En consecuencia, al advertirse un
defecto en la interpretación de los principios que rigen la valoración
probatoria sobre la buena fe, resulta indispensable la reposición de la causa
para que la referida Sala, ajustándose a derecho, analice nuevamente estos
aspectos, toda vez que, permitir la resolución del contrato en favor de una
constructora que, según se afirma, no terminó la obra (ascensores, áreas
comunes, entre otros), basándose en una mora inexistente del comprador, es una
solución evidentemente contraria a los postulados constitucionales que deben
orientar un estado social de derecho y de justicia signado por la equidad y la
función social de la propiedad.
Aunado a lo anterior, esta Sala observa
que la sentencia dictada en Alzada por el Juzgado Superior que conoció del caso
en segundo grado de jurisdicción, confirmada por la Sala de Casación Civil,
concluyó que la demanda de resolución interpuesta por la constructora era
procedente porque el promitente comprador incumplió primero su obligación al no
pagar la totalidad del precio, fundando su razonamiento en una aplicación
literal y tradicional del artículo 1.168 del Código Civil venezolano. Dicha
Sala arguyó que la exceptio non adimpleti contractus solo es oponible cuando
las obligaciones son de cumplimiento simultáneo, y en este caso, se fijaron
fechas diferentes, siendo la obligación de pago del comprador cronológicamente
anterior a la tradición legal del inmueble.
Esta Sala considera, que dicho
razonamiento constituye una interpretación excesivamente formalista de la ley
civil que violenta el concepto de justicia material que informa a nuestro
estado social de derecho. En efecto, la Sala de Casación Civil, aplicó el
criterio tradicional y literal del artículo 1.168 del Código Civil, que
condiciona la procedencia de la excepción a la simultaneidad de las
prestaciones, ignorando la cláusula décima segunda, la cual establecía la
obligación esencial y cronológicamente anterior del vendedor (C V, S.A.) de
entregar el apartamento terminado en noviembre de 2011.
Al desestimar la defensa del comprador,
fundada en que la edificación estaba inconclusa e inhabitable, dicha Sala
prescindió de un análisis in totum del contrato y de la finalidad económica del
negocio. La obligación del promitente comprador de seguir pagando cuotas hasta
mayo de 2012 se hizo inútil y desprotegida desde el momento en que el vendedor
presuntamente incumplió materialmente su obligación esencial en noviembre de
2011. La suspensión del pago posterior por parte del comprador, ante el
presunto incumplimiento grave y prior inadimplens del vendedor, no puede ser
calificada como un incumplimiento culposo, sino como una medida de autodefensa
contractual plenamente justificada, en concordancia con el principio de buena
fe contractual (artículo 1.160 del Código Civil).
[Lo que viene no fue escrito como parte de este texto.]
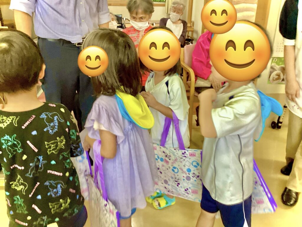 先日、施設の前にあるこども園の園児たちが遊びに来てくれて、笑顔あふれるひとときがありました!
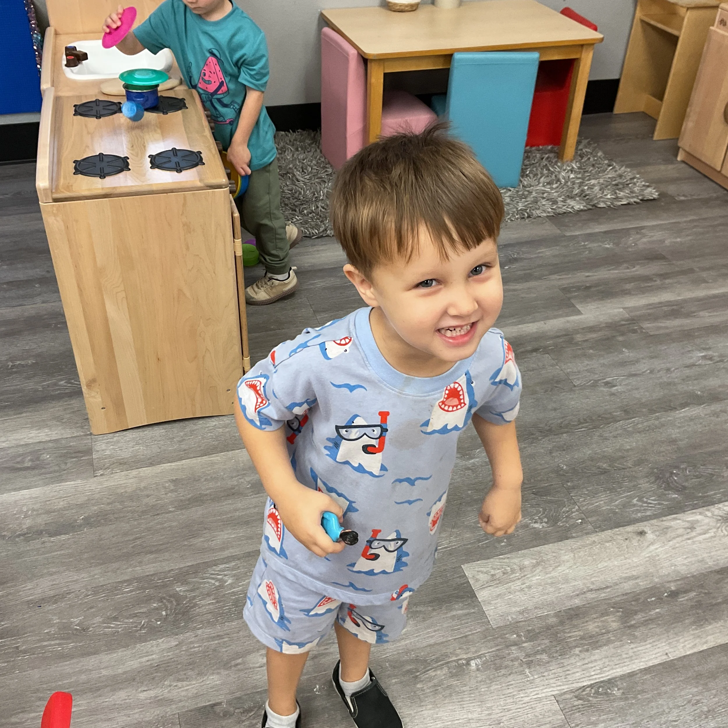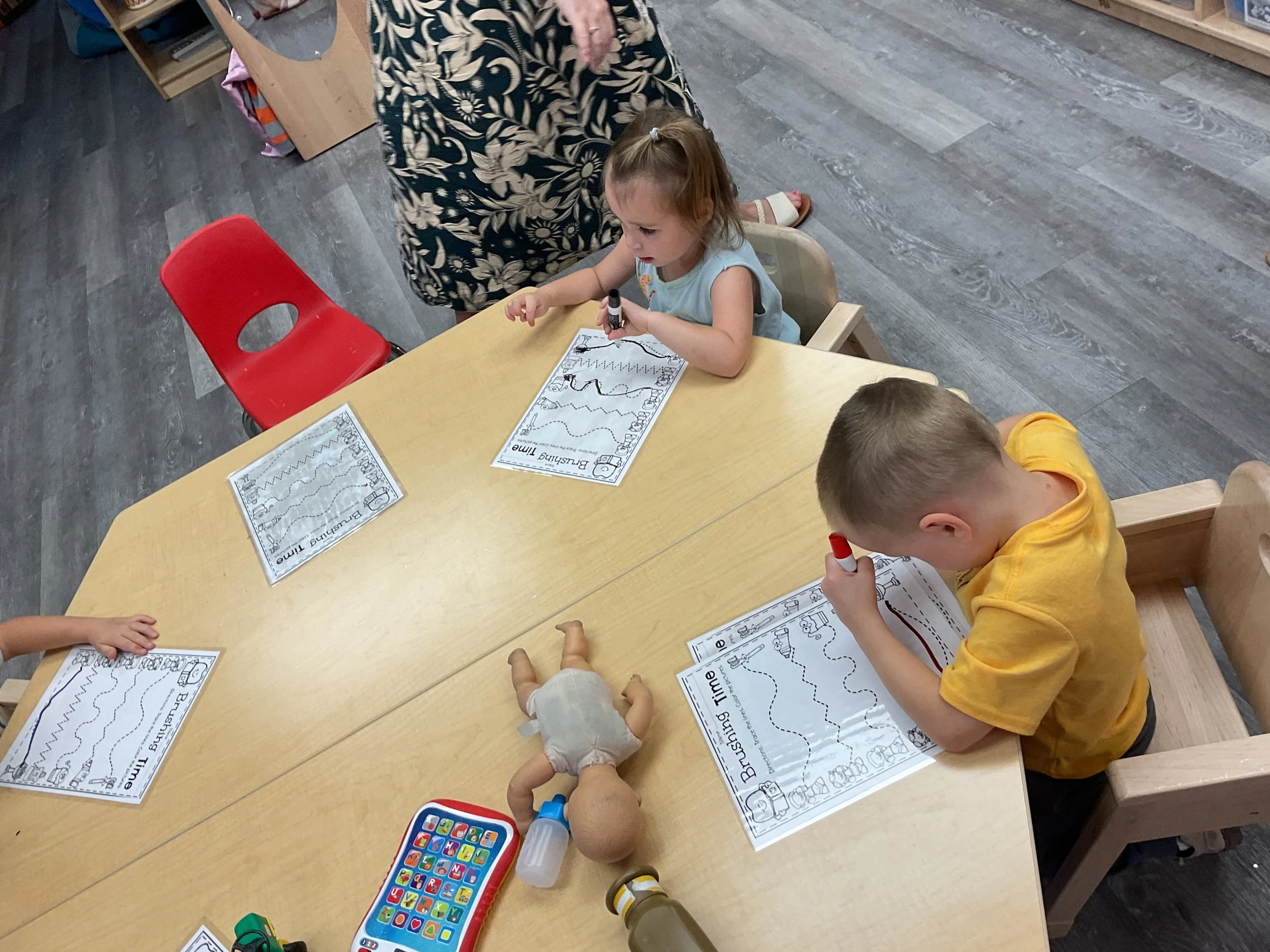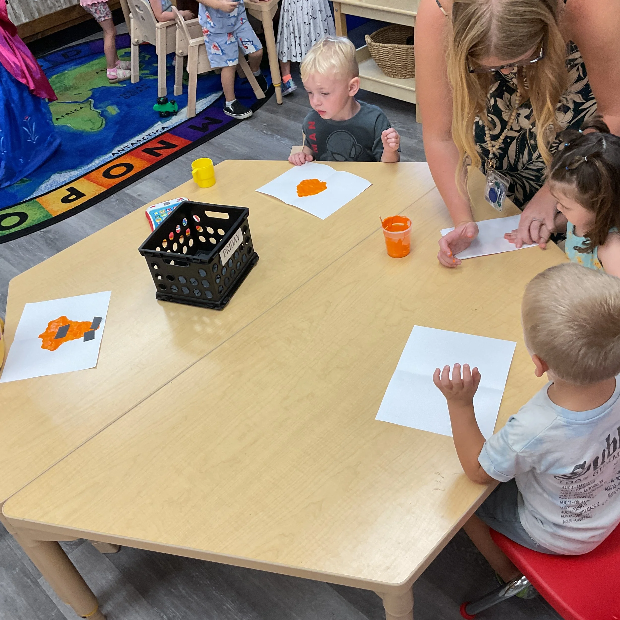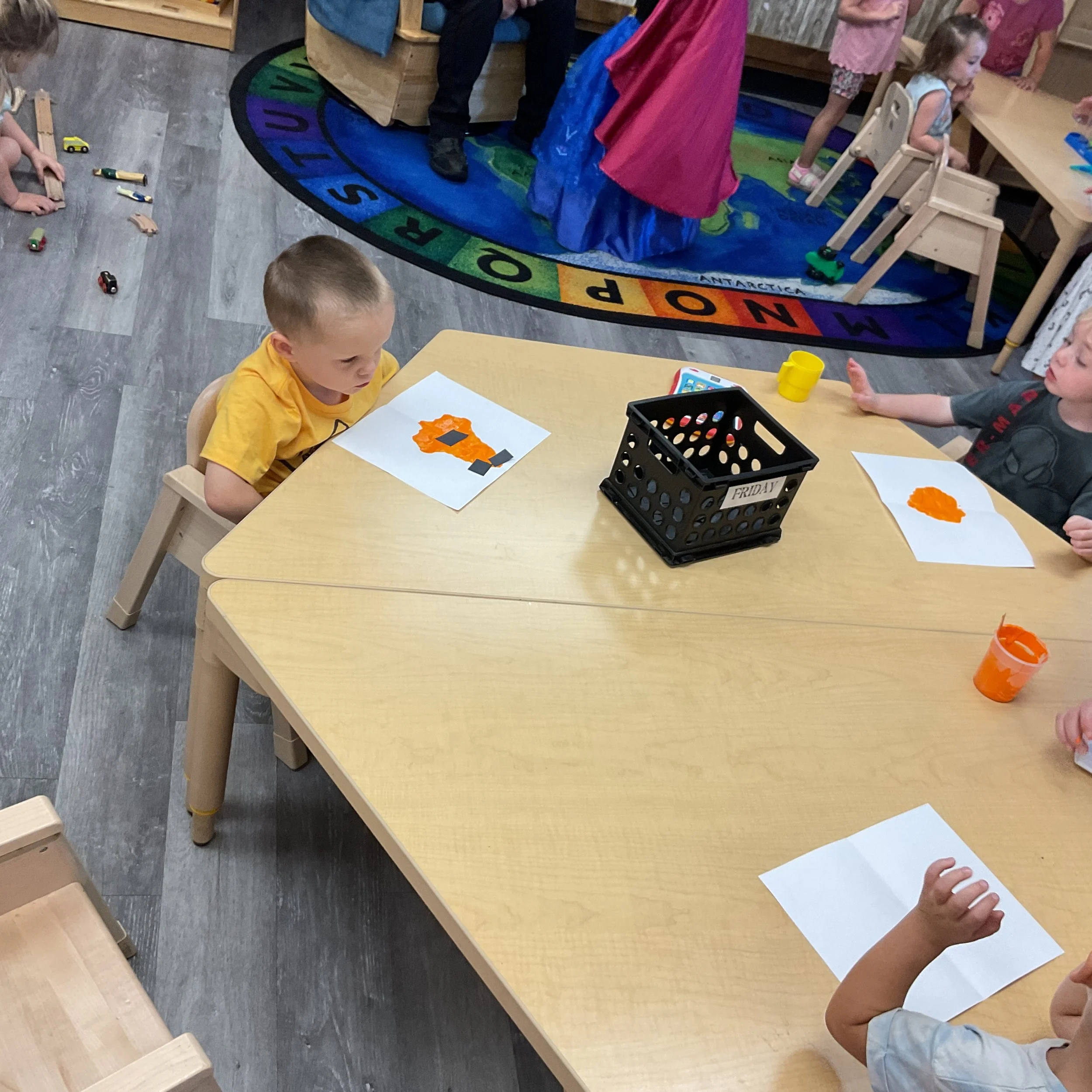 Today we read the book Tooth on the Loose written by Linda Jennings and Gwyneth Williamson. During our music and movement time, we worked on our yoga poses! Then, during our math and cognition lesson, we sorted “germs” by color using tongs. Next, during our science and sensory lesson, we practiced washing our hands. We learned that we should wash our hands for 20 seconds, making sure to get in between our fingers and the backs of our hands. We also made “smash Jack-O-Lanterns.” Finally, for our fine motor and literacy lesson, we worked on tracing lines and writing words!

Asimismo, a juicio de esta Sala resulta
contrario al principio de equidad y proporcionalidad que la rigurosa
interpretación literal del artículo 1.168 del Código Civil se utilice para
despojar al comprador de su derecho a oponer la excepción de contrato no
cumplido y se recompense a la constructora (cuya obligación fundamental de
entregar la res speratae fracasó) con la resolución del contrato y la
posibilidad de solicitar daños, siendo que de acuerdo con la doctrina y la
jurisprudencia de la propia Sala de Casación Civil, para solicitar la
resolución de un contrato bilateral, el actor debe haber cumplido con su
obligación u ofrecido eficazmente cumplirla (Vid. Guerrero-Quintero, Gilberto.
La Resolución del Contrato (Principios Generales). 4ta. Edición, UCAB, Caracas,
2013, p. 83).
La tendencia moderna busca la equidad en los contratos y evitar que el formalismo legal beneficie al contratante que ha incurrido en el incumplimiento más grave. En consecuencia, se evidencia que la sentencia de la Sala de Casación Civil incurrió en una interpretación restrictiva y formalista que menoscabó el orden público constitucional al alterar la realidad contractual y sacrificar la justicia material, lo cual amerita, a juicio de esta Sala, el empleo de su potestad discrecional de revisión.